Molasses is also used (50–100 kg/ha) as an organic fertilizer, as it provides a readily available source of carbon and stimulates the growth of beneficial bacteria. Molasses can be used as a tool to prevent an increase in ammonium and nitrite (Samocha et al., 2007). Erler et al. (2005) demonstrated that the addition of carbon, in the form of molasses resulted in greater growth of P. monodon and improved FCR. Molasses promotes heterotrophic bacterial growth that assimilates ammonia–nitrogen directly into cellular protein (Ebeling, Timmons and Bisogni, 2006).

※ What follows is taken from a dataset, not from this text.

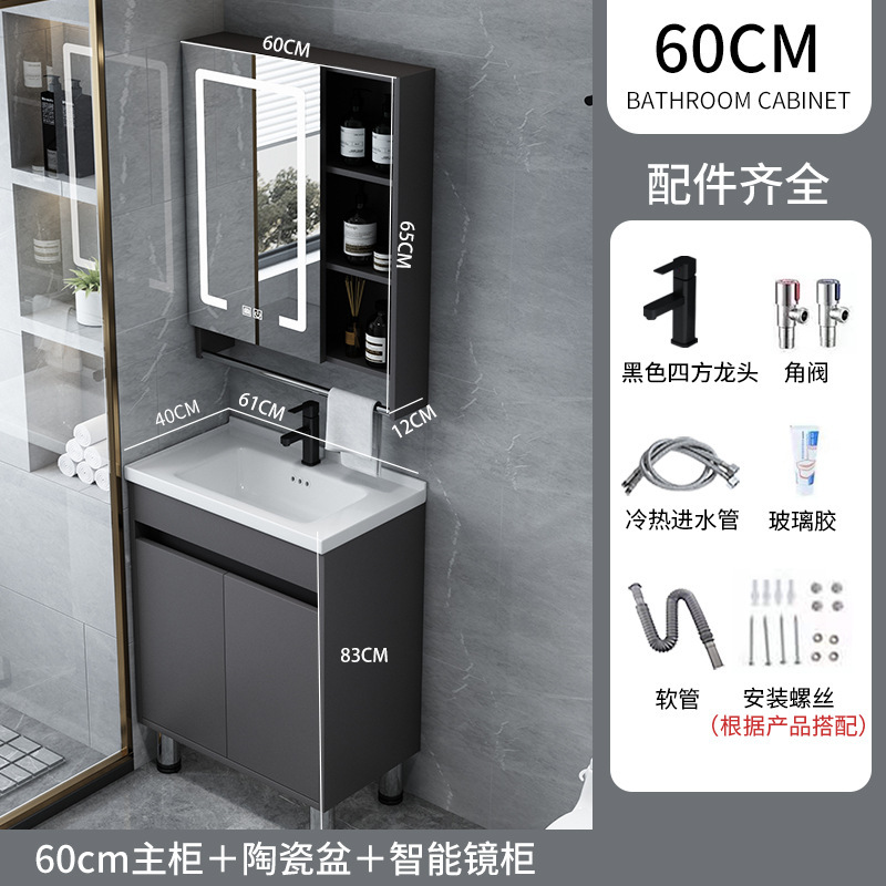 • 61*40 세라믹 세면대 + 스마트 거울 캐비닛 + 수도꼭지 액세서리

Organic fertilizers also include feedstuffs and feeds: soybean meal, chicken feed, palm by-products (Gautier, 2002), cottonseed meal, rice bran, alfalfa meal and other processed grains or hays (Wurts, 2004).

Inorganic fertilizers

Inorganic nitrogen and phosphorous fertilizers can be applied to shrimp ponds to stimulate algae growth to increase zooplankton production (Table 11a). 1 kg of urea and 1 kg of triple super phosphate (TSP) contain nitrogen and phosphorus equivalent to about 100 kg of chicken manure (FAO, 2007b). A wide N:P ratio is thought to encourage blooms of diatoms (Fox, 2008b). A typical ratio for brackishwater ponds is around 12–20:1, N:P. To calculate the amount of urea and TSP required to achieve 20 kg N/ha and 1 kg P/ha, urea is 45 percent N and TSP is 46 percent P2O5 (20.1 percent P). For a 10 ha pond, you need 444 kg urea and 108 kg TSP. Various fertilization applications are used, depending on available fertilizers and management preferences. In general, there is no need to fertilize after the biomass exceeds 300 kg/ha or feeding exceeds 30 kg/ha/d (Fox, 2008b) or the sechi disk reading is below 30 cm.